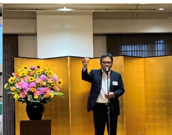
高岡副会長 乾杯ご挨拶
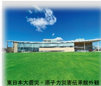
東日本大震災・原子力災害伝承館外観
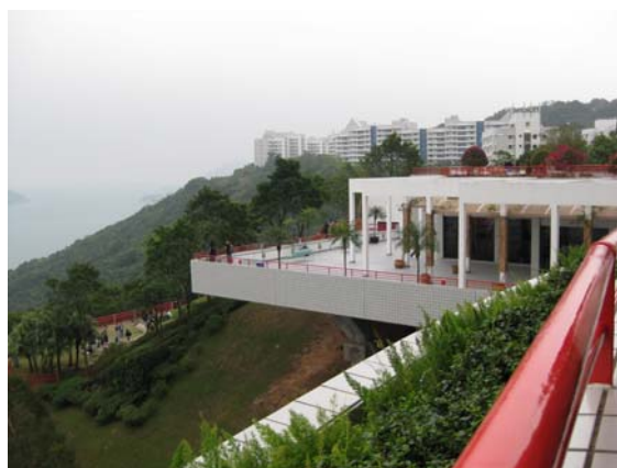
ภาพวิวของมหาวิทยาลัย
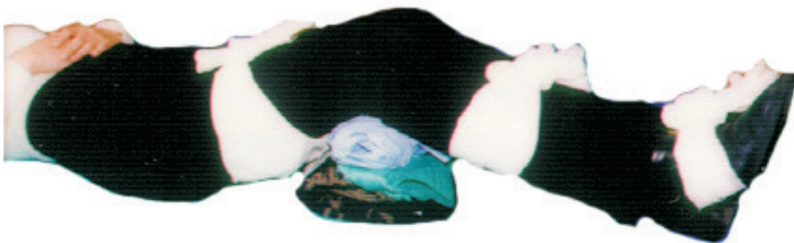
Fot 1. Prawidłowe wykonanie unieruchomienia kończyny dolnej
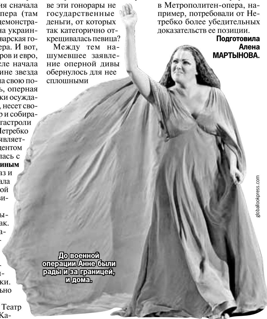
До военной операции Анне были рады и за границей, и дома.
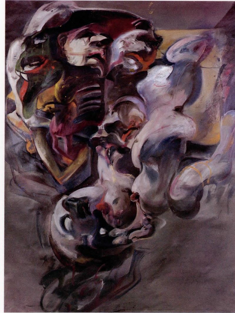
Dönüşüm Tuval üzerine yağlı boya 138x160 cm

1971 Ahmet Andıçen Resim Yarışması 1.lik ödülü 1971 Can İren Resim Yarışması 1.lik ödülü 1972 Ahmet Andıçen Resim Yarışması 2.lik ödülü 1979 DYO 25. Yıl, 13. Resim Sergisi, Başarı ödülü 1979 2. İstanbul Sanat Bayramı, Yeni Eğilimler Sergisi Başarı Ödülü
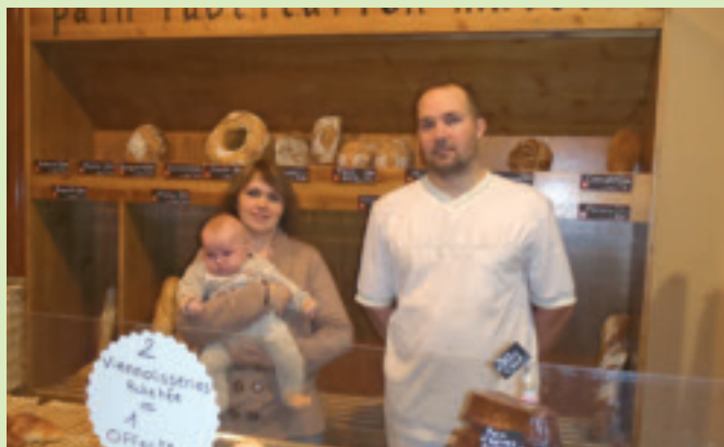
Les nouveaux boulangers et heureux parents de la place Ferdinand de Béost.

Place Ferdinand de Béost, deux commerçants viennent de rejoindre la commune.
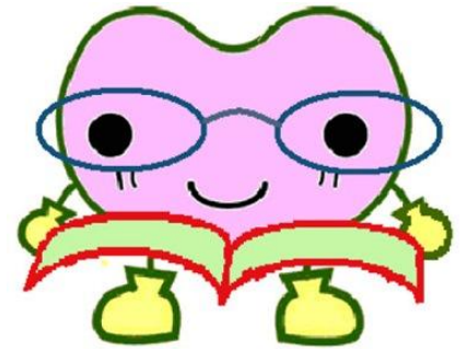
昭和区社会福祉協議会マスコット キャラクター“こころん”

昭和区社会福祉協議会 昭和区御器所三丁目18番1号 電話：884-5511 FAX：883-2231
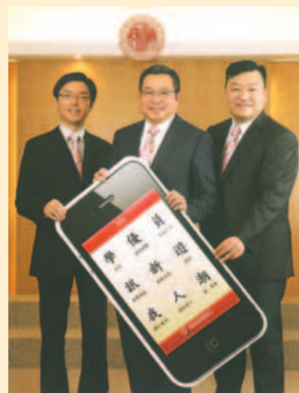
▲ 運用新科技向全球推廣香港潮州商會商務及文化。

「我記得剛進公司時，父親叫我到內地經營鋁廠。我很擔心，說，我們是做金的。父親笑著說：『還不是和做金一樣，戒指是把金拉成條，然後捲起來，做鋁是先將鋁鎔成條，再鑄成管，只不過大一點嘛！』生意上很多事都是觸類旁通，要勇於嘗試，不要自己局限自己。」他說，「許多人問我，現在涉足的事業範圍這麼廣，你是如何規劃的？其實，一切就像『快跑的未必能贏，力戰的未必得勝……臨到眾人的，在乎當時的機會。』又像孫中山先生所說：『順天意、應潮流、順人情。』我就是這樣做而已。」
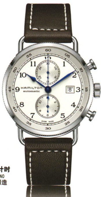
卡其 海军先锋 自动计时 KHAKI NAVY PIONEER AUTOCHRONO 自动机械腕表-瑞士制造 万方数据
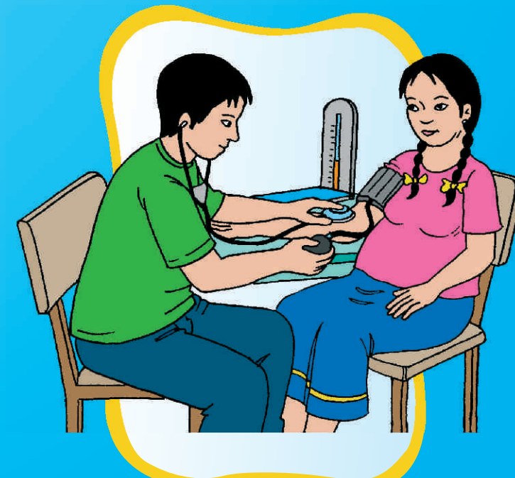
CONTROLA TU PRESIÓN
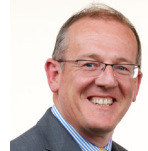
Aled Roberts Democratiaid Rhyddfrydol Cymru Gogledd Cymru
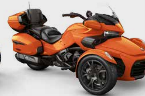
ORANGE PHOENIX MÉTALLIQUE* Édition Noire
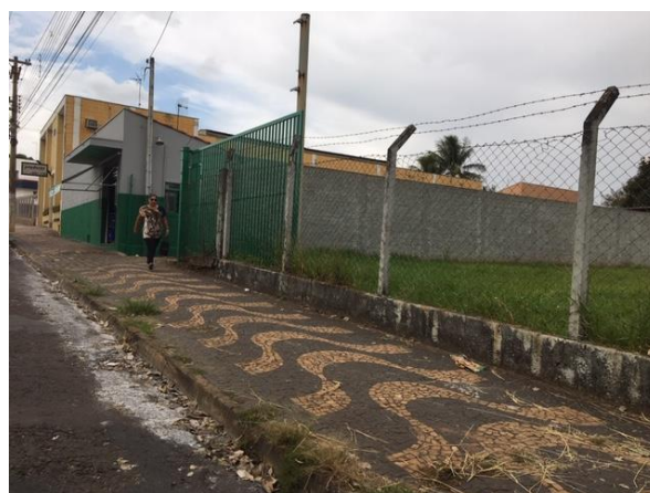
Av. Dr. Ademar de Barros, 245
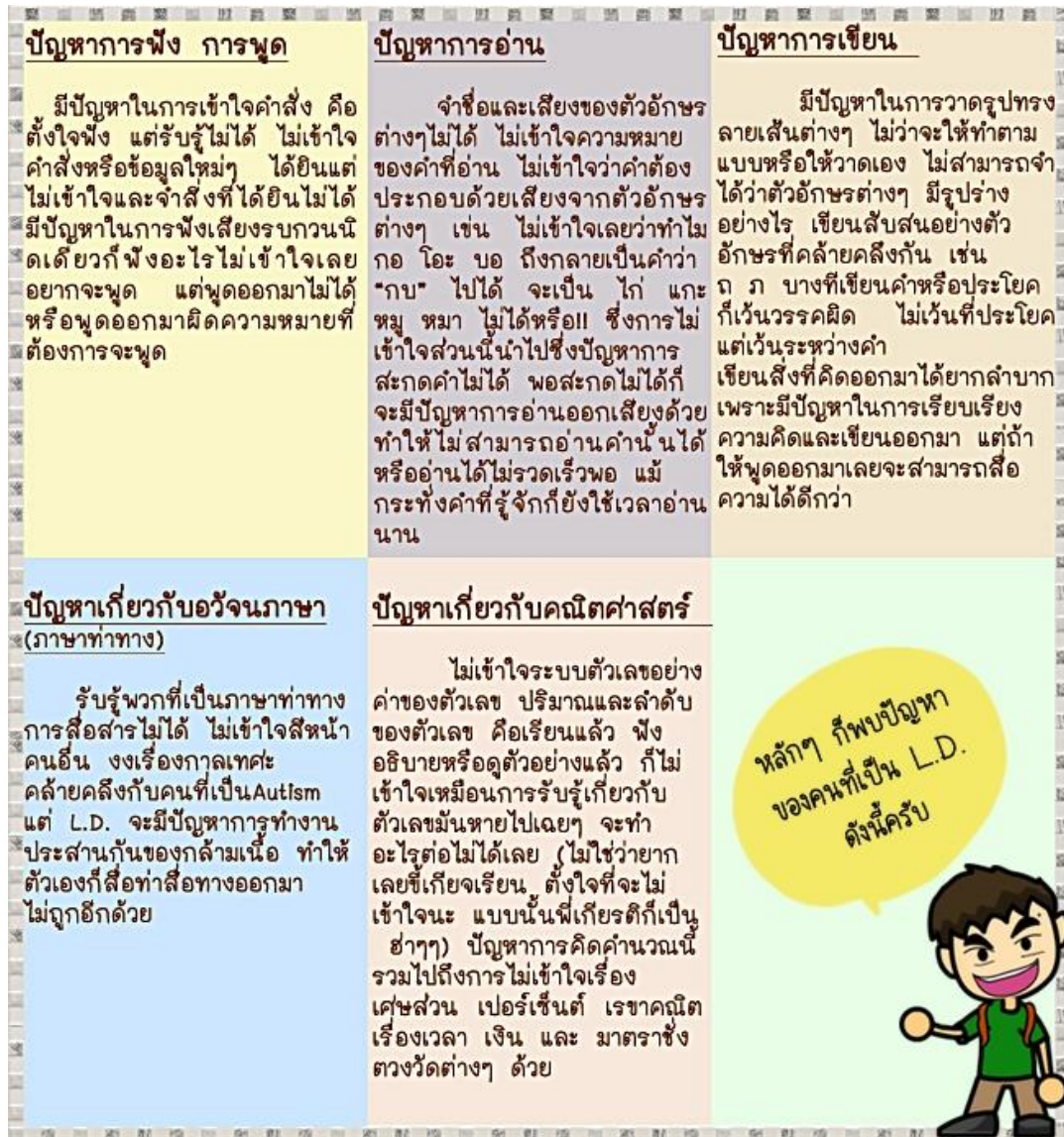
ภาพที่ ๑ ปัญหาของคนที่เป็นแอลดี

=-=-=-=-=

## WORK ITEM
Copy every record exactly; no pictures.

## RESPONSE
高岡副会長 乾杯ご挨拶
東日本大震災・原子力災害伝承館外観
ภาพวิวของมหาวิทยาลัย
Fot 1. Prawidłowe wykonanie unieruchomienia kończyny dolnej
До военной операции Анне были рады и за границей, и дома.
Dönüşüm Tuval üzerine yağlı boya 138x160 cm

1971 Ahmet Andıçen Resim Yarışması 1.lik ödülü 1971 Can İren Resim Yarışması 1.lik ödülü 1972 Ahmet Andıçen Resim Yarışması 2.lik ödülü 1979 DYO 25. Yıl, 13. Resim Sergisi, Başarı ödülü 1979 2. İstanbul Sanat Bayramı, Yeni Eğilimler Sergisi Başarı Ödülü
Les nouveaux boulangers et heureux parents de la place Ferdinand de Béost.

Place Ferdinand de Béost, deux commerçants viennent de rejoindre la commune.
昭和区社会福祉協議会マスコット キャラクター“こころん”

昭和区社会福祉協議会 昭和区御器所三丁目18番1号 電話：884-5511 FAX：883-2231
▲ 運用新科技向全球推廣香港潮州商會商務及文化。

「我記得剛進公司時，父親叫我到內地經營鋁廠。我很擔心，說，我們是做金的。父親笑著說：『還不是和做金一樣，戒指是把金拉成條，然後捲起來，做鋁是先將鋁鎔成條，再鑄成管，只不過大一點嘛！』生意上很多事都是觸類旁通，要勇於嘗試，不要自己局限自己。」他說，「許多人問我，現在涉足的事業範圍這麼廣，你是如何規劃的？其實，一切就像『快跑的未必能贏，力戰的未必得勝……臨到眾人的，在乎當時的機會。』又像孫中山先生所說：『順天意、應潮流、順人情。』我就是這樣做而已。」
卡其 海军先锋 自动计时 KHAKI NAVY PIONEER AUTOCHRONO 自动机械腕表-瑞士制造 万方数据
CONTROLA TU PRESIÓN
Aled Roberts Democratiaid Rhyddfrydol Cymru Gogledd Cymru
ORANGE PHOENIX MÉTALLIQUE* Édition Noire
Av. Dr. Ademar de Barros, 245
ภาพที่ ๑ ปัญหาของคนที่เป็นแอลดี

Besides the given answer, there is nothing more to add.